All temporal and frequency parameters measured (except the inter-chirp interval) are considered in the model. PVE: P. verenae, PAP: P. apicalis. Ellipses are 95% confidence intervals around centroids.
Concerning frequency parameters, PAP Morph 4 stridulations have higher dominant frequency than PVE Morph 1 and PAP Morph 5 (ANOVADF, F4,35 = 4.21, p<0.01, Unequal N HSD, p<0.05 for both morphs, Table 2), higher frequencies at 25% and 50% of the signal energy than PVE Morph 1 (ANOVAF25%, F4,35 = 2.82, p<0.05, Unequal N HSD, p<0.05 and ANOVAF50%, F4,35 = 4.05, p<0.01, Unequal N HSD, p<0.05, Table 2), and higher intra-pulse minimal frequency than all other morphs (ANOVAMFP, F4,35 = 8.17, p<0.01, Unequal N HSD, p<0.01 for all morphs). The intra-pulse maximal frequency is also significantly lower in PVE Morph 1 compared to PAP Morphs 4 and 6 (ANOVALFP, F4,35 = 5.62, p<0.01, Unequal N HSD, p<0.01 for PAP Morph 4 and p<0.05 for PAP Morph 6). Last, the stridulations of the allopatric PAP Morph 3 from Mexico did not significantly differ only from those of PAP Morph 5 from French Guiana (Figure 7) even if these morphs present distinctive stridulatory organs (Figures 3, 4, 5, 6).

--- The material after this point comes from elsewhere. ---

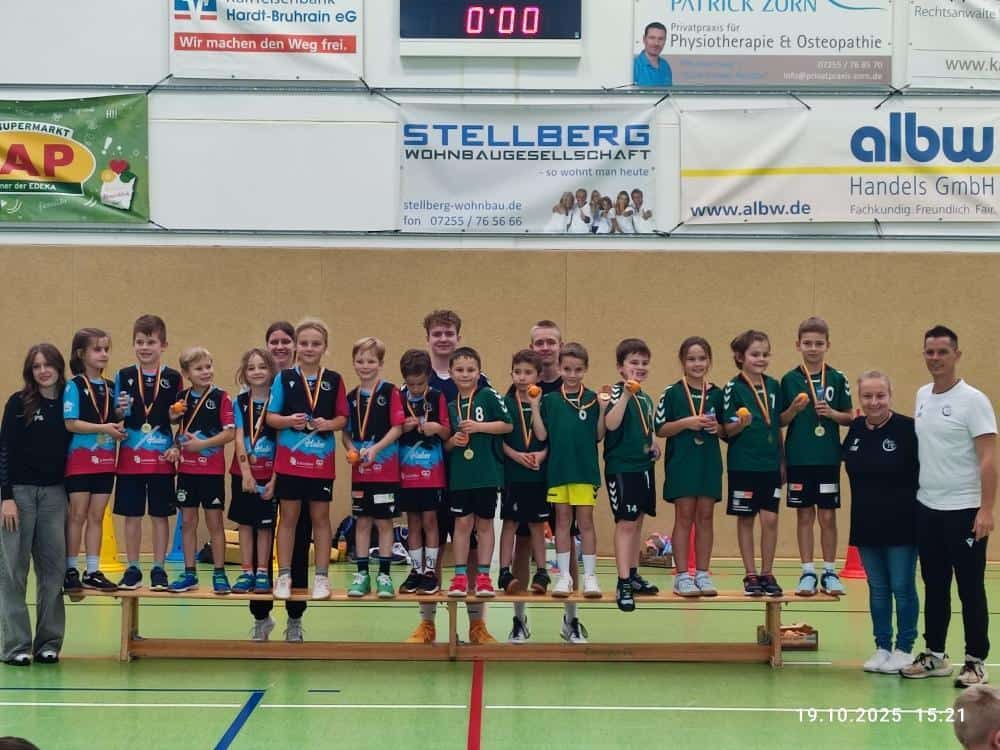In jeweils knapp drei Stunden pro Jugend durften die knapp 120 Kinder an Spielstationen, beim Königshandball (G-Jugend), Funinio (F-Jugend) und auf dem Minihandballfeld ihre im Training erworbenen Fähigkeiten zur Schau stellen. Trotz der Aufteilung in drei Mannschaften konnten unsere Graben-Neudorfer Handballkinder allen angereisten Mannschaften kräftig Paroli bieten und vor allem durch das tolle Zusammenspiel innerhalb der Mannschaften glänzen.

Nucleotide composition and sequence variation
A total of 690 base pairs were analysed for cyt b. Accession numbers range from HM770106 to HM770124 in Genbank. No pseudogenes, no insertions, deletions nor any rearrangements were detected. As in other hymenopteran mitochondrial genome [74], there is an A-T bias in the base composition of cyt b: we obtained on average 33.9% of A, 44.1% of T, 14.7% of C, and 7.3% of G. Over the 690 base pairs analysed, the number of variable characters was 259 among which 156 were found to be parsimony-informative. The transition/transversion rate ratios are k1 = 1.207 (purines) and k2 = 2.974 (pyrimidines), with an overall transition/transversion bias of 0.584. NJ tree of haplotypes obtained for the different morphs is presented in Figure 8, rooted with P. villosa and P. goeldi as outgroups. Tajima's relative tests are significant (X2 = 4.25, p = 0.038 to X2 = 8, p = 0.005, df = 1) when morphs of the clade constituted by P. apicalis are compared to P. verenae or PAP Morph 5, rejecting as a consequence the molecular clock hypothesis for this set of sequences.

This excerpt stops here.